Please work through the tutorial and add your comments on the bottom of this page. Or send comments per email to upendra@cyverse.org. Thank you.
Rationale and background:
Sailfish enables alignment-free isoform quantification from RNA-seq reads using lightweight algorithms. Nature Biotechnology (doi:10.1038/nbt.2862)
Rob Patro, Stephen M. Mount, and Carl Kingsford (2014)

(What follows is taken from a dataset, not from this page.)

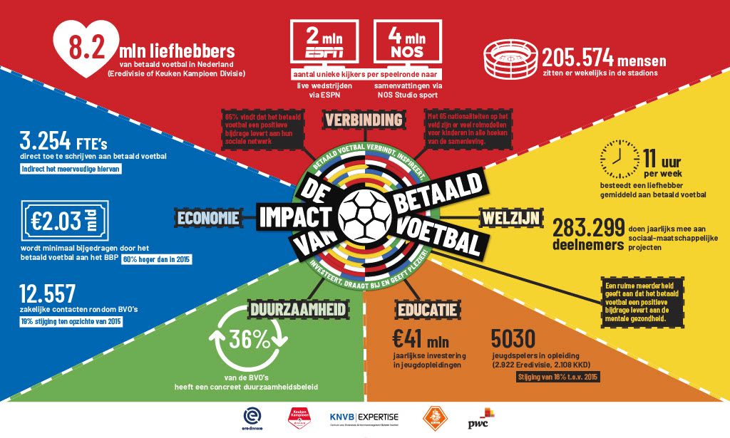 Betaald voetbal is niet ‘maar een spelletje’, het speelt een belangrijke rol in het leven van miljoenen mensen in Nederland. Hoeveel impact het op de maatschappij heeft, is in kaart gebracht door PwC. De belangrijkste conclusies van dit onderzoek getiteld De maatschappelijke impact van het betaald voetbal zijn:
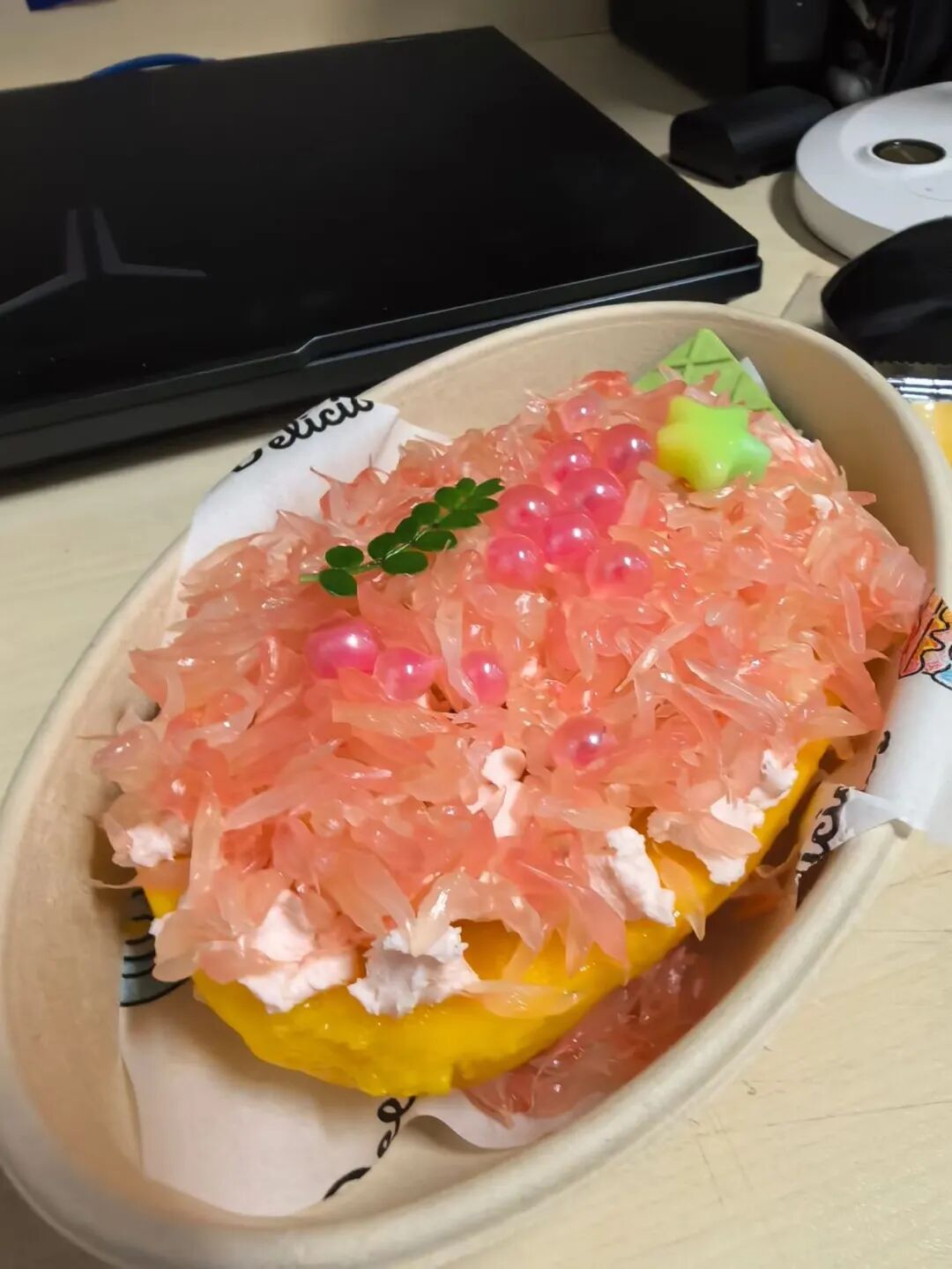 蛋糕店内制作的固体杨枝甘露样品。受访者供图

Sailfish is a tool for transcript quantification from RNA-seq data. It requires a set of target transcripts (either from a reference or de-novo assembly) to quantify. All you need to run sailfish is a fasta file containing your reference transcripts and a (set of) fasta/fastq file(s) containing your reads. Sailfish runs in two phases; indexing and quantification. The indexing step is independent of the reads, and only needs to be run once for a particular set of reference transcripts and choice of k (the k-mer size). The quantification step, obviously, is specific to the set of RNA-seq reads and is thus run more frequently.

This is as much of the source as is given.